Let’s loop back to our initial premise. How the hell do any of these relate to startups in any way? And considering that is the reason you are reading all of this; how does it all apply to your startup? Real world examples should help us in this regards as well.

Internet came about, and there was the need and opportunity to map social aspects of the life onto this new, digital platform. Few tried as you might have witnessed, with their understanding of what would be the most convenient model to let people manage their social lives digitally.

In Facebook’s world, the reality is consisting of profiles. These profiles add their photos and create content through posts on a wall. With their profiles, users could be friends with other users, which would let them see their posts. People could like these posts to express their interests. To be a friend they would need to send a friend request which is supposed to be accepted by the receiving profile. They can send messages to each other to communicate directly. There are pages that represent things in the real world that users could like to share themselves more thoroughly and permanently in their profile. All this information flow creates feeds. This is lots of words in bold, with their meanings and their relationships.

In Twitter’s reality, there are users. They tweet. They just tweet and not serenade because twitter thinks sentences should be short for us to easily consume. Other people retweet these tweets since they are so short an concise they could be just whatever you wanted to tweet anyway. Users don’t become friends, but follow each other without the need for reciprocation. There are hashtags, which simplify things even more and cause trends.
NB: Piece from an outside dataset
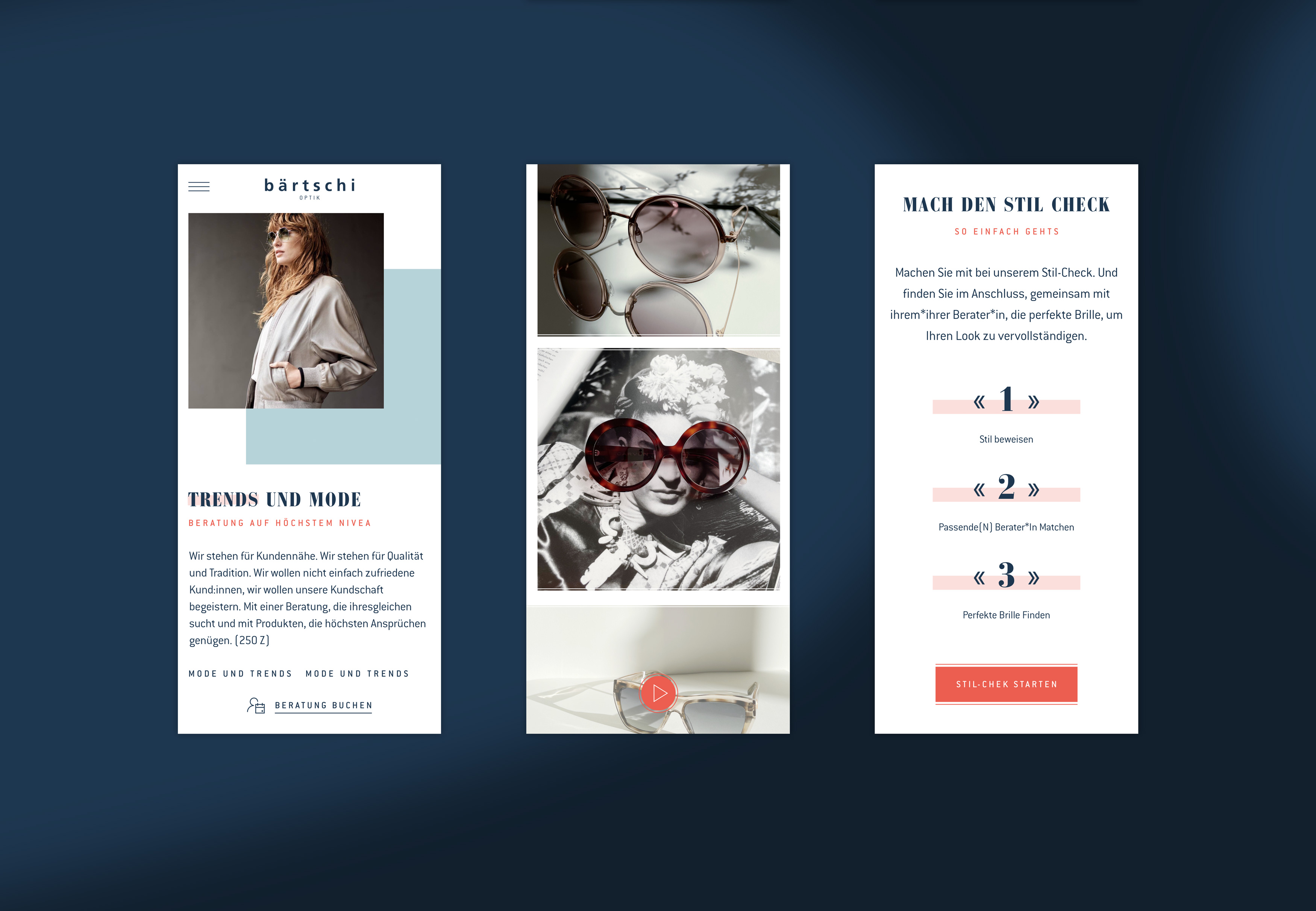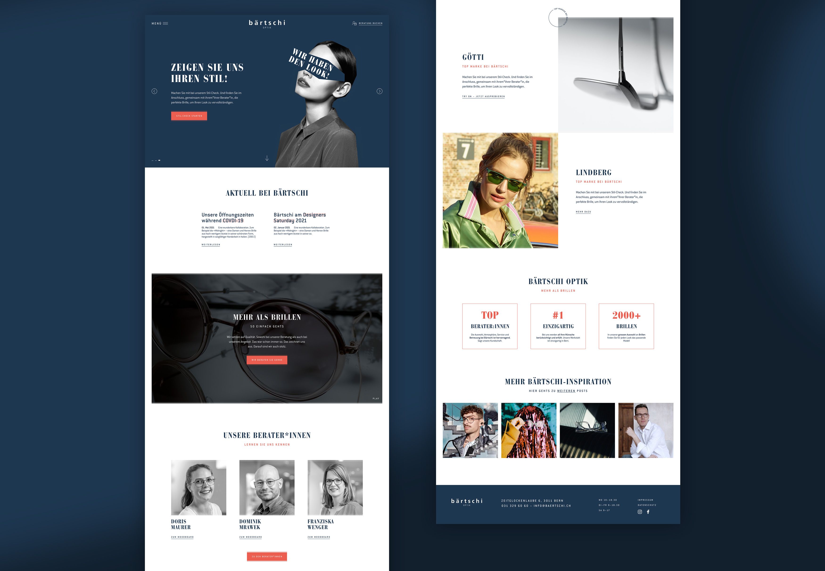 Bärtschi geht mit der Zeit und hat seinen Webauftritt in sorgfältiger Zusammenarbeit mit Kargo überarbeitet. Ein optisches Redesign das die bestehenden Werte unterstreicht und hervorhebt. Damit bleibt sich Bärtschi treu, behält den seit 75 Jahren bestehenden Charme und schafft einmal mehr eine Symbiose zwischen Moderne und Tradition. Wie bei der erstklassigen Beratung und dem herausragenden Kundenservice von Bärtschi Optik üblich, stehen bei der neuen Website die Bedürfnisse und Zufriedenheit der Kundschaft im Zentrum. Aus diesem Grund wurde auch auf dem neuen Webauftritt bewusst auf einen Online-Shop verzichtet. Denn erstklassige Beratung erfordert persönlichen Kontakt.

These are two different competing models for people’s needs. They solve the same problems by focusing on different aspects to attract people. Facebook is about you, Twitter is about what you are saying. They are both reasonable and realistic enough representations of real life, but their different points of view result in different models with different concepts. These companies are always aware of these differences in understanding and base their further decisions on them. They build their user experience designs around these concepts. Their marketing metrics are based on them. Their scopes are defined by them. And every now and then, these understandings change to get the edge against their competitors.

the way we were.

This example of two purely online companies might make you think that all of these only apply to digital, or product-driven companies. That’s certainly not the case. All business models are also conceptual models. First order of business in transforming your business idea into a startup is trimming the fat, honing the edges, and refining that vague idea into a business model. Describing what you want to do in terms of your customers, distribution channels, partners, revenue streams, costs, and your core value proposition in a way that works for you. This is once again about using and defining the right concepts and relationships. Just look at Tesla and how it transformed the car distribution with its business model, redefining the previous equation defined in terms of dealerships, distributors, and authorised repair centres. Or like Avon, you could blur the lines between customers and salespeople and through multi-level marketing and make it work anyway because that set of concepts also create a model that makes sense internally.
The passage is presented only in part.